> **What you will do**
Hand back all records exactly, pictures omitted.

# # # # #

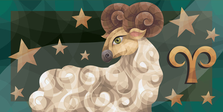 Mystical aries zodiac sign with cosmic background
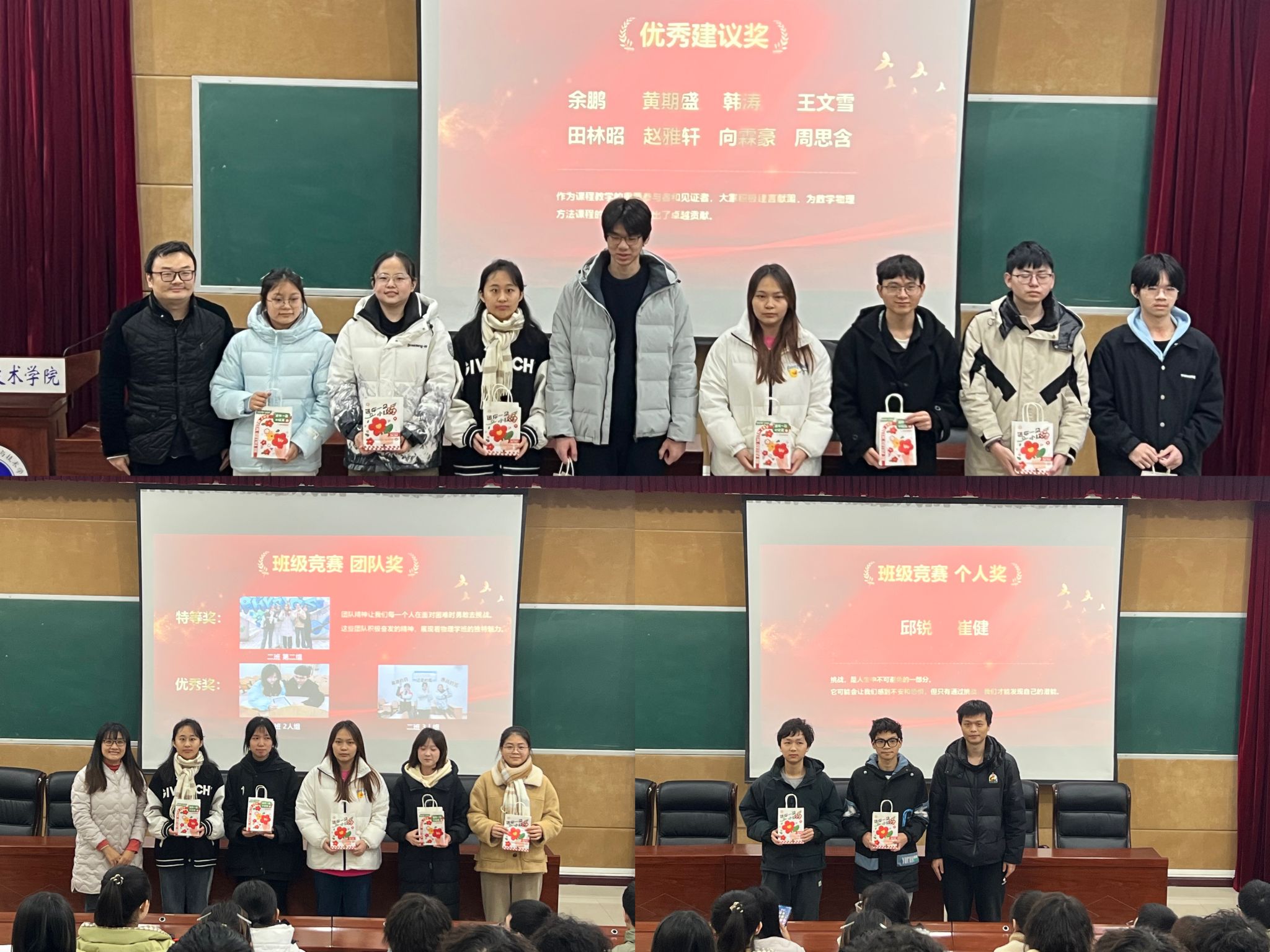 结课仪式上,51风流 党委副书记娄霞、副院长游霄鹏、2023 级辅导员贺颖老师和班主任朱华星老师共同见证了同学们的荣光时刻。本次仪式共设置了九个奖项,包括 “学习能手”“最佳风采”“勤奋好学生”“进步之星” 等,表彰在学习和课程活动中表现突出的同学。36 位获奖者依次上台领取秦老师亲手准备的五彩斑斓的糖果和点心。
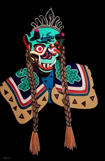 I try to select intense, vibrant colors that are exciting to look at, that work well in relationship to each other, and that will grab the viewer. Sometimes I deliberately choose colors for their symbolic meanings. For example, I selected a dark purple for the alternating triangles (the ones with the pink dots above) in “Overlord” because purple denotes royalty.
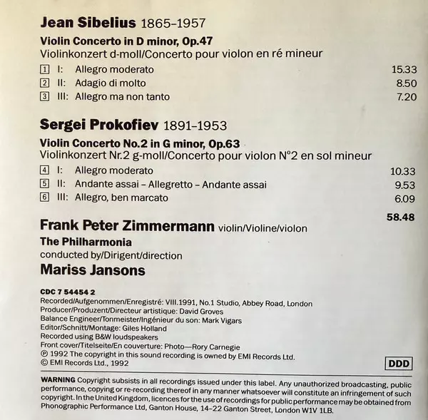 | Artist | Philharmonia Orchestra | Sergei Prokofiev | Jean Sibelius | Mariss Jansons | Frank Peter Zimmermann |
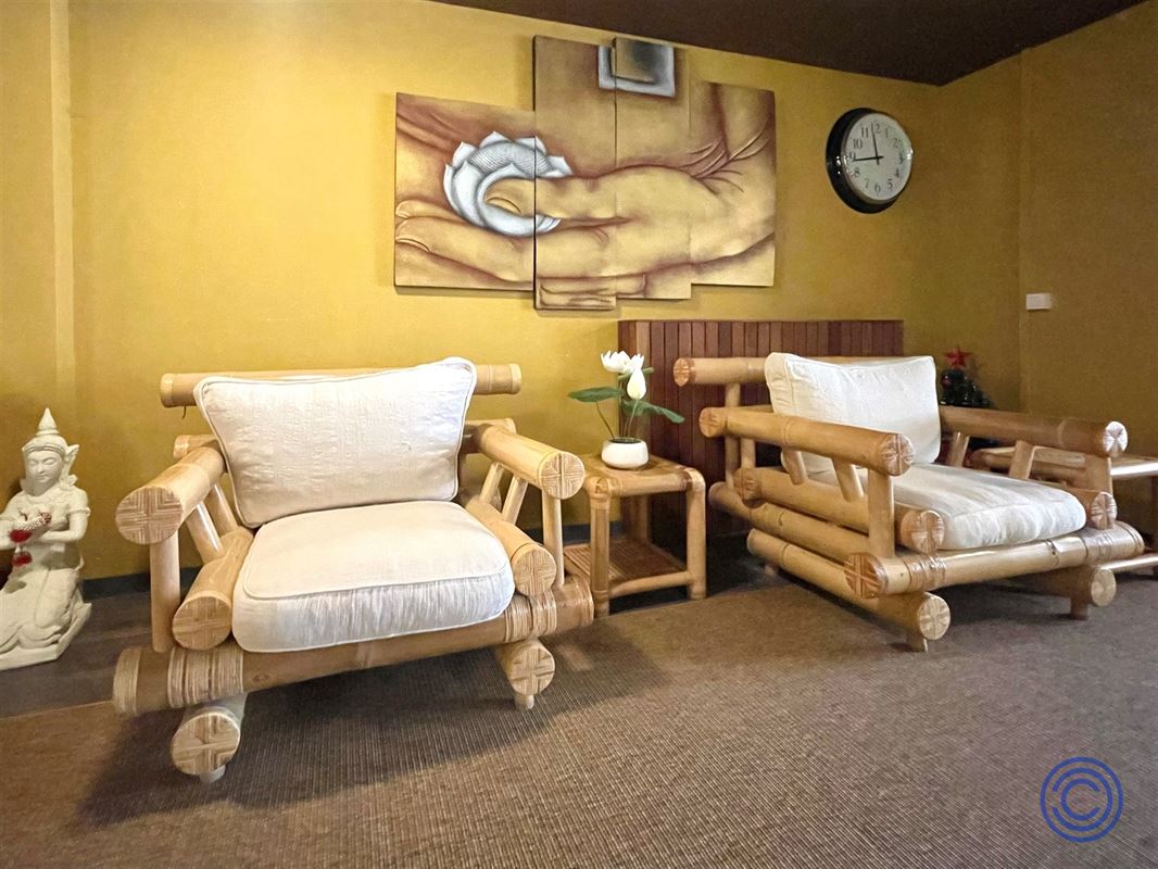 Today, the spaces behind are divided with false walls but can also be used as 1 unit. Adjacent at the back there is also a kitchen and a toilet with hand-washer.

# # # # #

> **Written solution**
 Mystical aries zodiac sign with cosmic background
 结课仪式上,51风流 党委副书记娄霞、副院长游霄鹏、2023 级辅导员贺颖老师和班主任朱华星老师共同见证了同学们的荣光时刻。本次仪式共设置了九个奖项,包括 “学习能手”“最佳风采”“勤奋好学生”“进步之星” 等,表彰在学习和课程活动中表现突出的同学。36 位获奖者依次上台领取秦老师亲手准备的五彩斑斓的糖果和点心。
 I try to select intense, vibrant colors that are exciting to look at, that work well in relationship to each other, and that will grab the viewer. Sometimes I deliberately choose colors for their symbolic meanings. For example, I selected a dark purple for the alternating triangles (the ones with the pink dots above) in “Overlord” because purple denotes royalty.
 | Artist | Philharmonia Orchestra | Sergei Prokofiev | Jean Sibelius | Mariss Jansons | Frank Peter Zimmermann |
 Today, the spaces behind are divided with false walls but can also be used as 1 unit. Adjacent at the back there is also a kitchen and a toilet with hand-washer.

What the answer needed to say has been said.